ENTRIES PROVIDED »
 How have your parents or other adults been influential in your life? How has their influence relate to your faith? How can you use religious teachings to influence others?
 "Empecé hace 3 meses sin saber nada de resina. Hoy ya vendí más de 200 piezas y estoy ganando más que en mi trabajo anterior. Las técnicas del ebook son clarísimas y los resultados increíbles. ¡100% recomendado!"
...
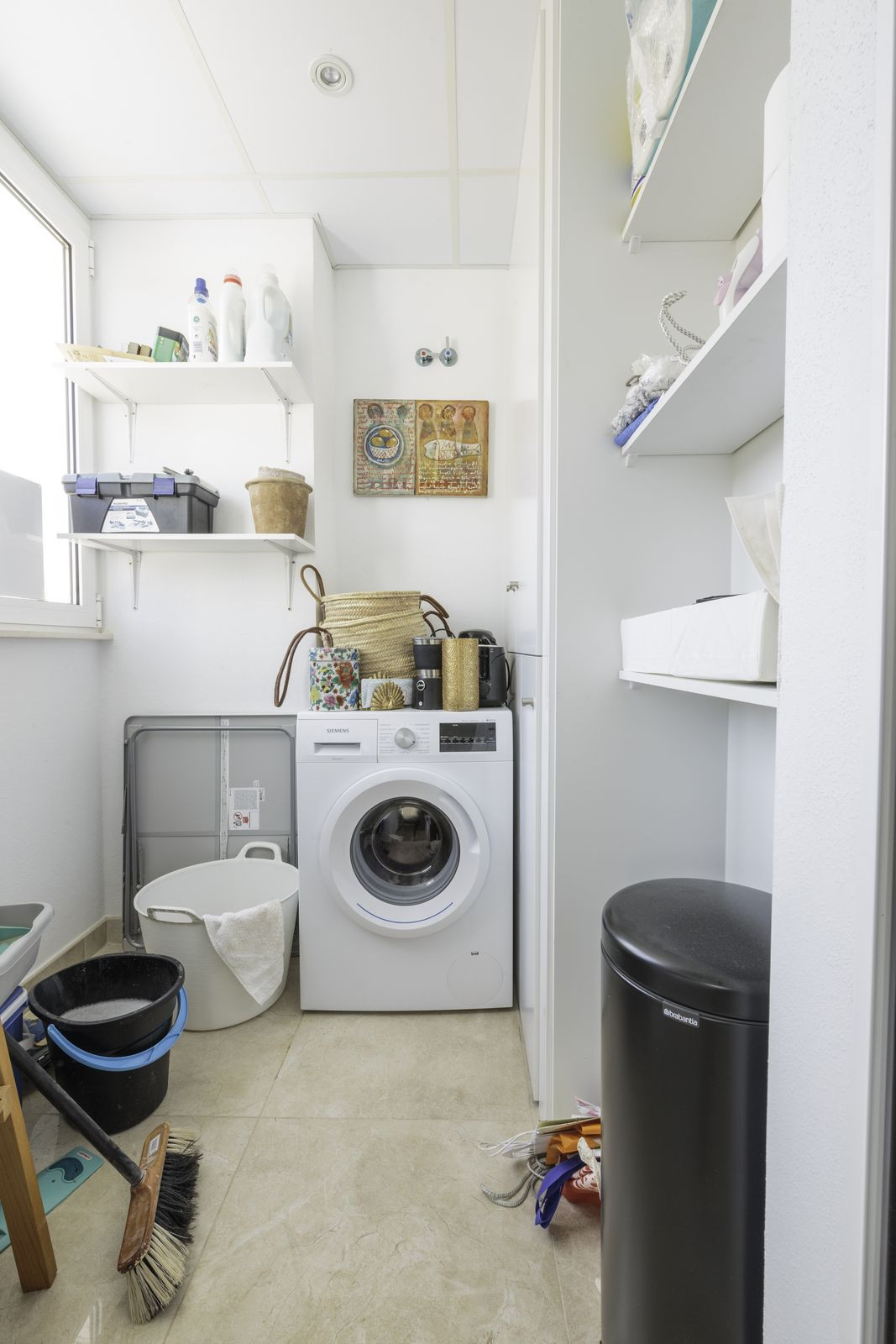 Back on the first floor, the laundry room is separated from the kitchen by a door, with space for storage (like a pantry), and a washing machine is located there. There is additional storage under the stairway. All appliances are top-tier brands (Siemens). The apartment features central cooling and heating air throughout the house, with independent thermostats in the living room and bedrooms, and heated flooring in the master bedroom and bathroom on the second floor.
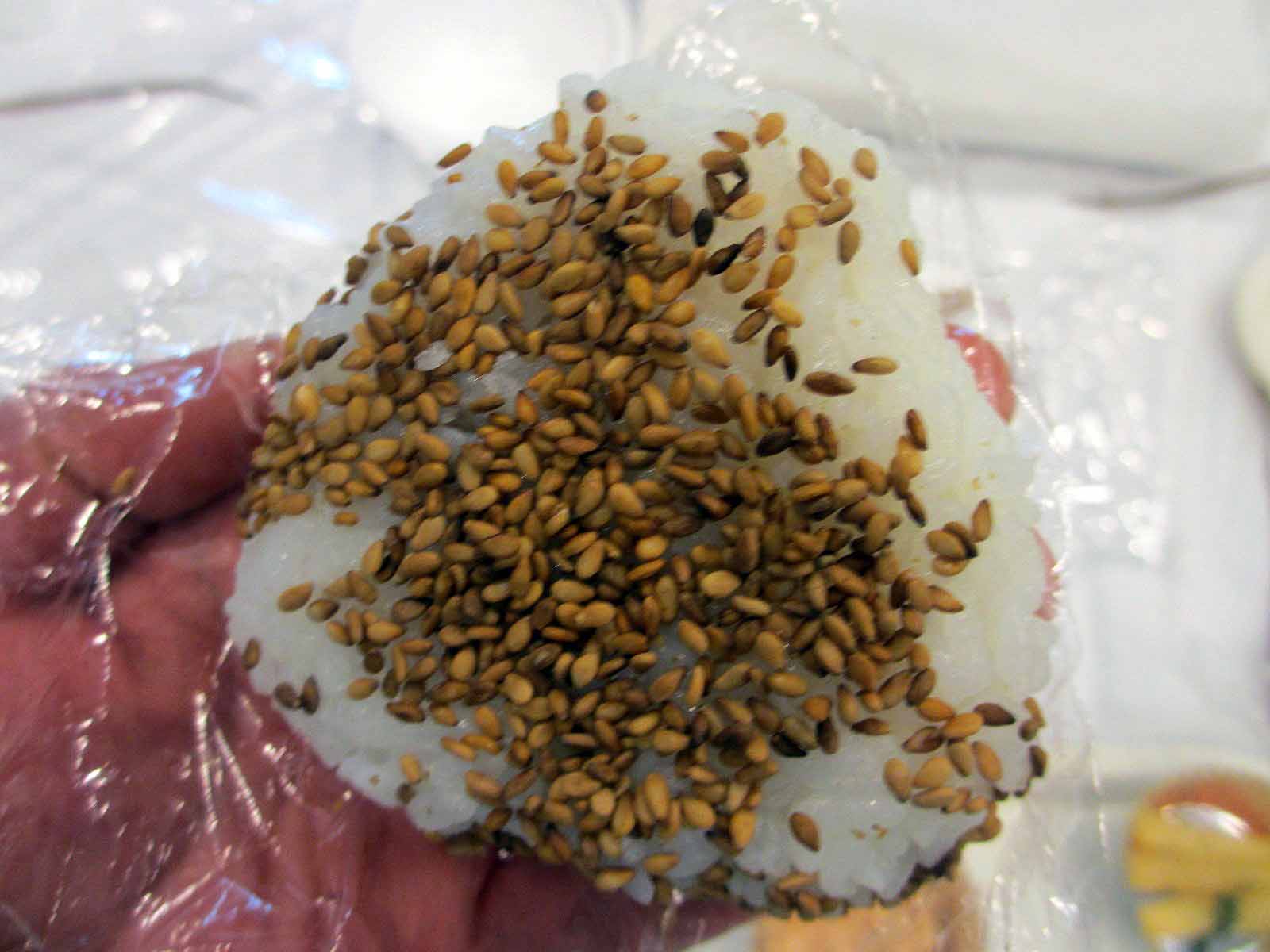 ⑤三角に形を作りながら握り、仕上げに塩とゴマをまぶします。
==
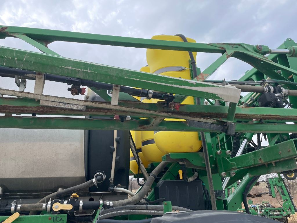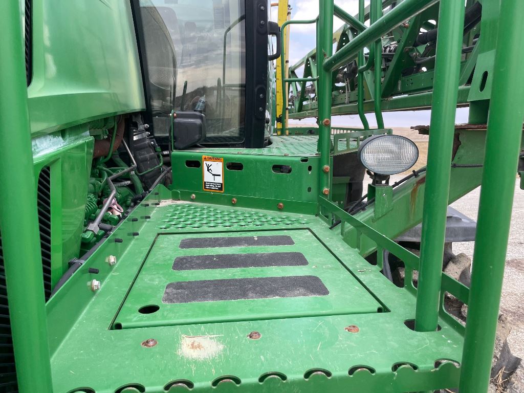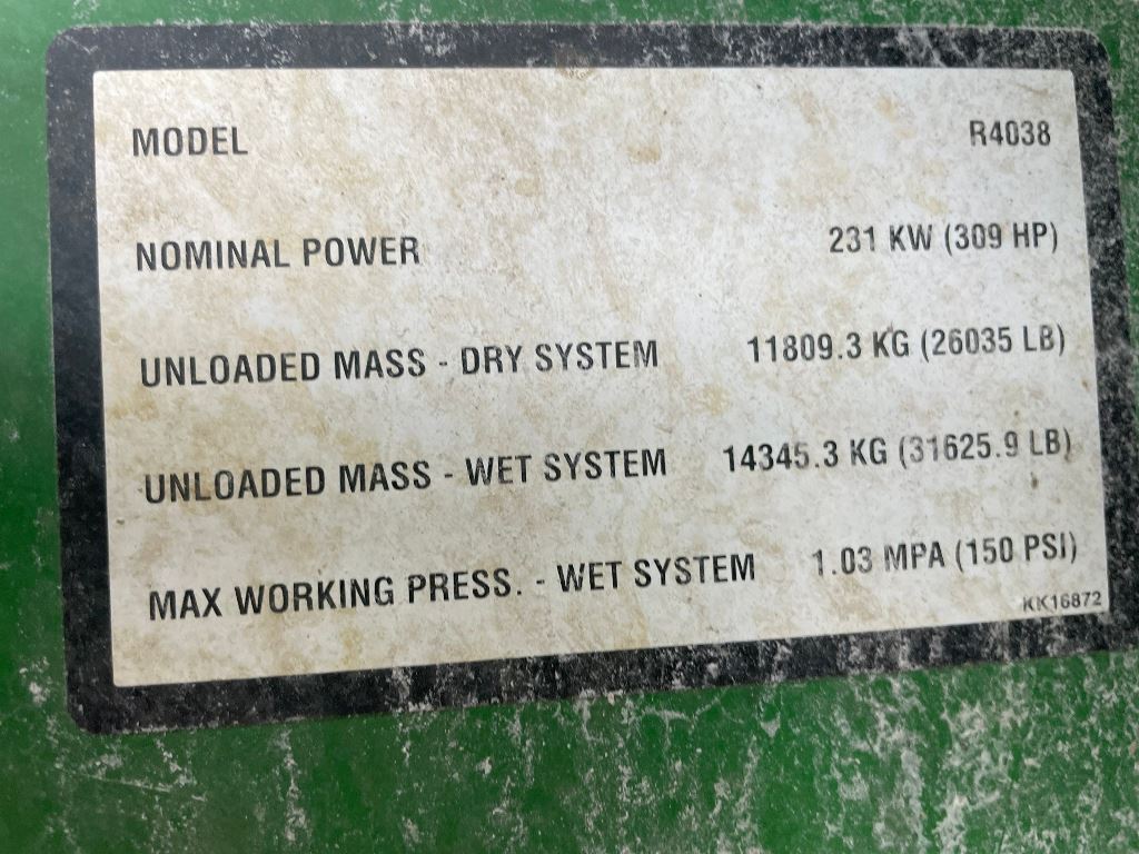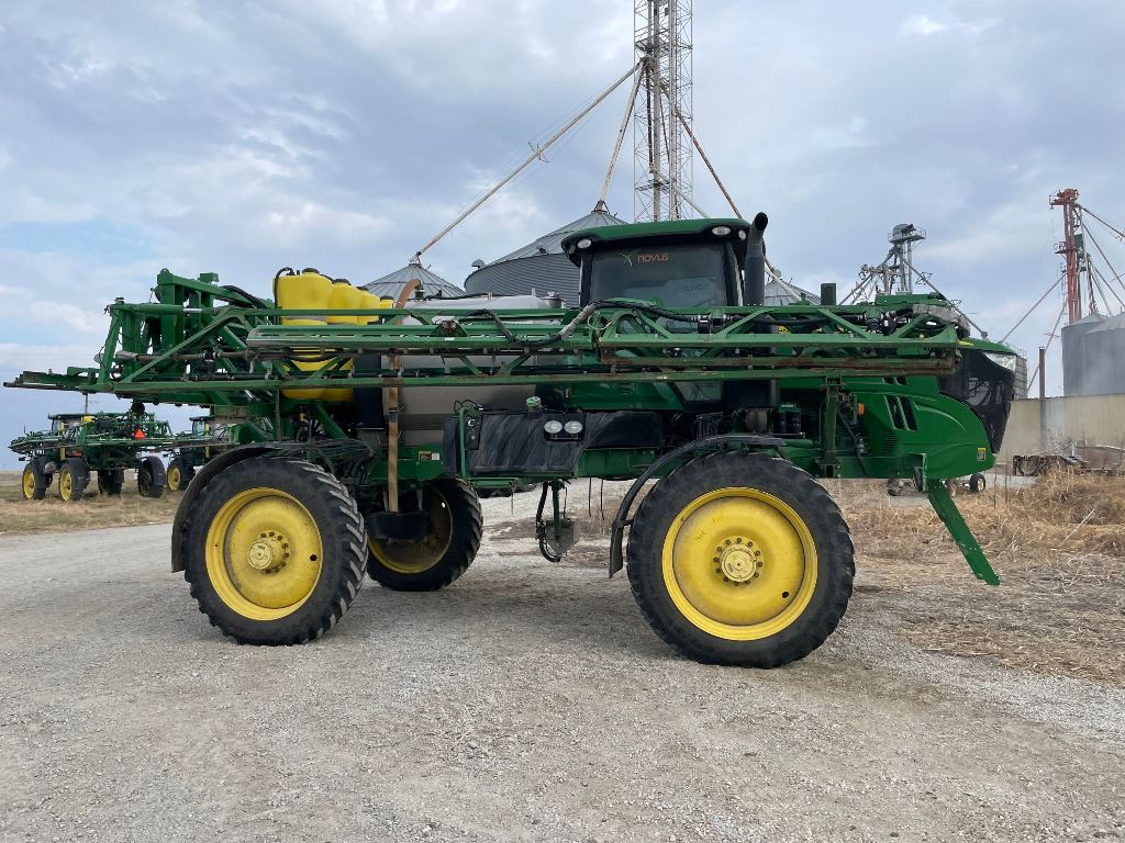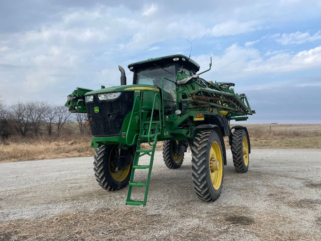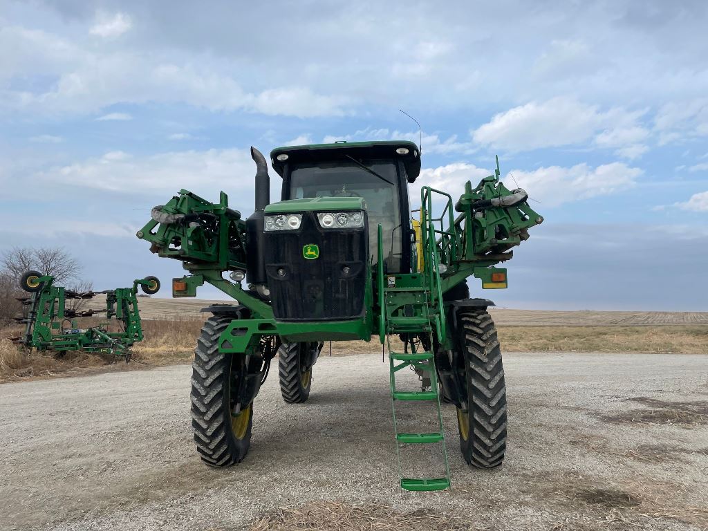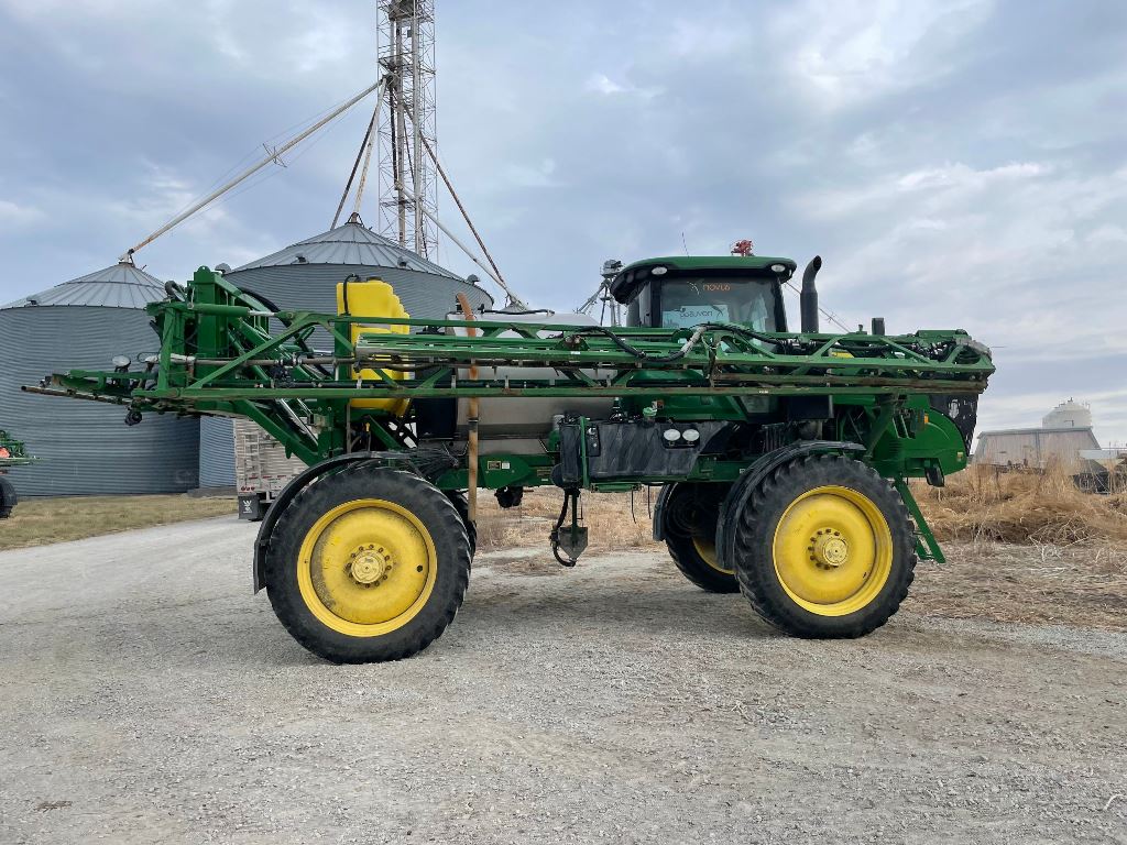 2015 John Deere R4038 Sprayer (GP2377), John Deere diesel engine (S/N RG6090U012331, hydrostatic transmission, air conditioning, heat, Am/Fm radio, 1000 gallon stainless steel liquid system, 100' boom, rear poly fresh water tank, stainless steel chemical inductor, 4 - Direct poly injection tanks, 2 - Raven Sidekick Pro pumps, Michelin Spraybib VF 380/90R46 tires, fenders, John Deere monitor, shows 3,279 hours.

WHAT IS REQUIRED »
Would you retype the lines above from the one with "How have your" down to the one with "hace 3 meses", word for word, both ends included and no other lines?

SOLUTION TO THIS PROBLEM »
 How have your parents or other adults been influential in your life? How has their influence relate to your faith? How can you use religious teachings to influence others?
 "Empecé hace 3 meses sin saber nada de resina. Hoy ya vendí más de 200 piezas y estoy ganando más que en mi trabajo anterior. Las técnicas del ebook son clarísimas y los resultados increíbles. ¡100% recomendado!"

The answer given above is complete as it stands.